Choral des Todes
Um die vergebende Kraft der Worte hervorzuheben …«
Kasdan war erschöpft. Er winkte den Kellner herbei. Er wollte zahlen. Abhauen. Sich nicht länger all diesen Unsinn anhören.
Aber Volokine fuhr fort – er redete wirklich wie ein Wasserfall:
»Ich werde Ihnen sagen, was bei diesem Fall nicht stimmt. Wir schwimmen, weil keine Theorie widerlegt werden kann. Keine Fährte lässt sich ausschließen.«
Kasdan hielt dem Kellner einen Geldschein hin. Volokine setzte seine Suada fort:
»Glauben Sie an die politische Spur? Sie haben recht. Götz wurde umgebracht, weil er Informationen über seine chilenischen Folterknechte besaß. Erste Tatsache. Er wurde abgehört, weil seine Zeugenaussage auch die französische Regierung betrifft. Zweite Tatsache. Im Übrigen gibt es einen dunklen Fleck bei Götz. Selbst wenn er kein Kinderschänder ist, hat er sich gegenüber Kindern etwas zuschulden kommen lassen. Dritte Tatsache. Folglich rächen die Kinder, die diese Morde begangen haben, seine Schuld. Vierte Tatsache. Andererseits glauben Sie an einen Serienmörder.

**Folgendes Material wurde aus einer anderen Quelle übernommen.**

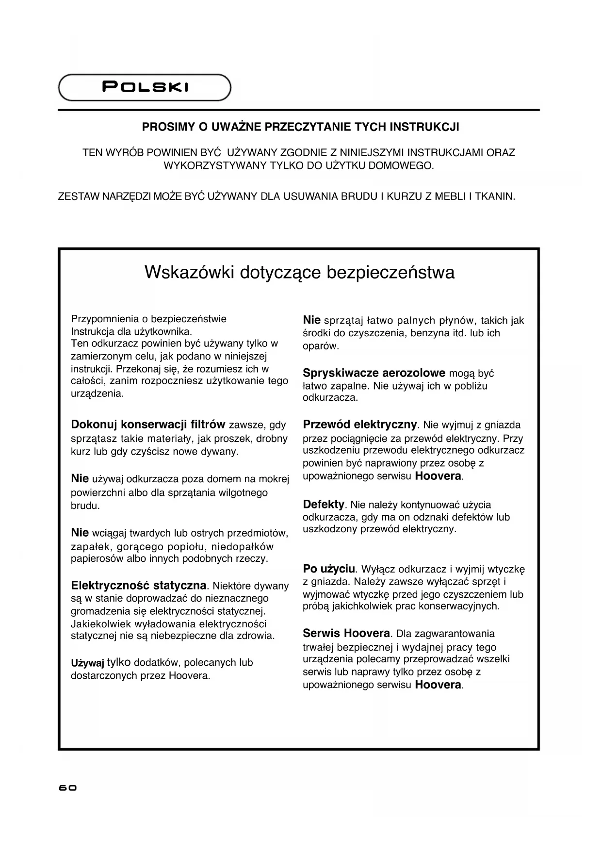 Przypomnienia o bezpieczeństwie Instrukcja dla użytkownika. Ten odkurzacz powinien być używany tylko w zamierzonym celu, jak podano w niniejszej instrukcji. Przekonaj się, że rozumiesz ich w całości, zanim rozpoczniesz użytkowanie tego urządzenia. Dokonuj konserwacji filtrów zawsze, gdy sprzątasz takie materiały, jak proszek, drobny kurz lub gdy czyścisz nowe dywany. Nie używaj odkurzacza poza domem na mokrej powierzchni albo dla sprzątania wilgotnego brudu. Nie wciągaj twardych lub ostrych przedmiotów, zapałek, gorącego popiołu, niedopałków papierosów albo innych podobnych rzeczy. Elektryczność statyczna. Niektóre dywany są w stanie doprowadzać do nieznacznego gromadzenia się elektryczności statycznej. Jakiekolwiek wyładowania elektryczności statycznej nie są niebezpieczne dla zdrowia. Używaj tylko dodatków, polecanych lub dostarczonych przez Hoovera. Nie sprzątaj łatwo palnych płynów, takich jak środki do czyszczenia, benzyna itd. lub ich oparów. Spryskiwacze aerozolowe mogą być łatwo zapalne. Nie używaj ich w pobliżu odkurzacza. Przewód elektryczny. Nie wyjmuj z gniazda przez pociągnięcie za przewód elektryczny. Przy uszkodzeniu przewodu elektrycznego odkurzacz powinien być naprawiony przez osobę z upoważnionego serwisu Hoovera. Defekty. Nie należy kontynuować użycia odkurzacza, gdy ma on odznaki defektów lub uszkodzony przewód elektryczny. Po użyciu. Wyłącz odkurzacz i wyjmij wtyczkę z gniazda. Należy zawsze wyłączać sprzęt i wyjmować wtyczkę przed jego czyszczeniem lub próbą jakichkolwiek prac konserwacyjnych. Serwis Hoovera. Dla zagwarantowania trwałej bezpiecznej i wydajnej pracy tego urządzenia polecamy przeprowadzać wszelki serwis lub naprawy tylko przez osobę z upoważnionego serwisu Hoovera. PROSIMY O UWAŻNE PRZECZYTANIE TYCH INSTRUKCJI TEN WYRÓB POWINIEN BYĆ UŻYWANY ZGODNIE Z NINIEJSZYMI INSTRUKCJAMI ORAZ WYKORZYSTYWANY TYLKO DO UŻYTKU DOMOWEGO. ZESTAW NARZĘDZI MOŻE BYĆ UŻYWANY DLA USUWANIA BRUDU I KURZU Z MEBLI I TKANIN. Wskazówki dotyczące bezpieczeństwa61 Wymagania elektryczne TO URZĄDZENIE POSIADA PODWÓJNĄ IZOLACJĘ I NIE MUSI BYĆ UZIEMIANE. UWAGA: PRZEWODY W KABLU ELEKTRYCZNYM MAJĄ KOLORY ZGODNIE Z NASTĘPUJĄCYM KODEM:

Und auf die eine oder andere Weise haben Sie recht. Die Kinder, die in diese Taten verwickelt sind, sind psychisch gestört, von einem regelrechten Wahn besessen. Sie glauben, dass ihr krimineller Impuls durch die Musik ausgelöst wird? Auch da denke ich, dass Sie richtigliegen. Grundsätzlich bin ich fest davon überzeugt, dass diese Morde mit der menschlichen Stimme, der Stimme von Kindern zusammenhängen. Schließlich gibt es hinter all dem noch etwas anderes. Eine Bedrohung. Die Person, die Götz El Ogro nannte. Das ist unser Problem, Kasdan: Alles ist wahr. Anders als sonst üblich muss man nicht bestimmte Tatsachen und Spuren aussondern, sondern alles zusammenführen. Man muss den Schlüssel finden, der all diese Aspekte vereint.«
Der Armenier schwieg weiterhin. Er stand auf, griff nach seinem Handy und überprüfte mechanisch seine Nachrichten. Beim Betreten der Kirche hatte er es ausgeschaltet. Gerade hatte er einen Anruf von Puyferrat erhalten.
Mit einem Knopfdruck rief er den Mann von der Spurensicherung an.
»Komm her«, sagte Puyferrat, als er Kasdans Stimme erkannte.
»Wohin?«
»In den Jardin des Plantes, das Treibhaus. Geh durch das Gittertor in der Rue Buffon. Es wird offen sein.«
»Weshalb?«
»Komm her. Du wirst es nicht bereuen.«
KAPITEL 31
Rue Buffon 18 H.
Kasdan parkte auf dem winzigen Gehsteig der geradlinigsten Straße von Paris. Das Unwetter war losgebrochen. Der Regen war so heftig, dass die Finsternis hinter dem flüssigen Schleier zu verschwinden schien. Die Straße verwandelte sich in einen silberglänzenden See, auf dem die Laternen wie Leuchtbojen trieben.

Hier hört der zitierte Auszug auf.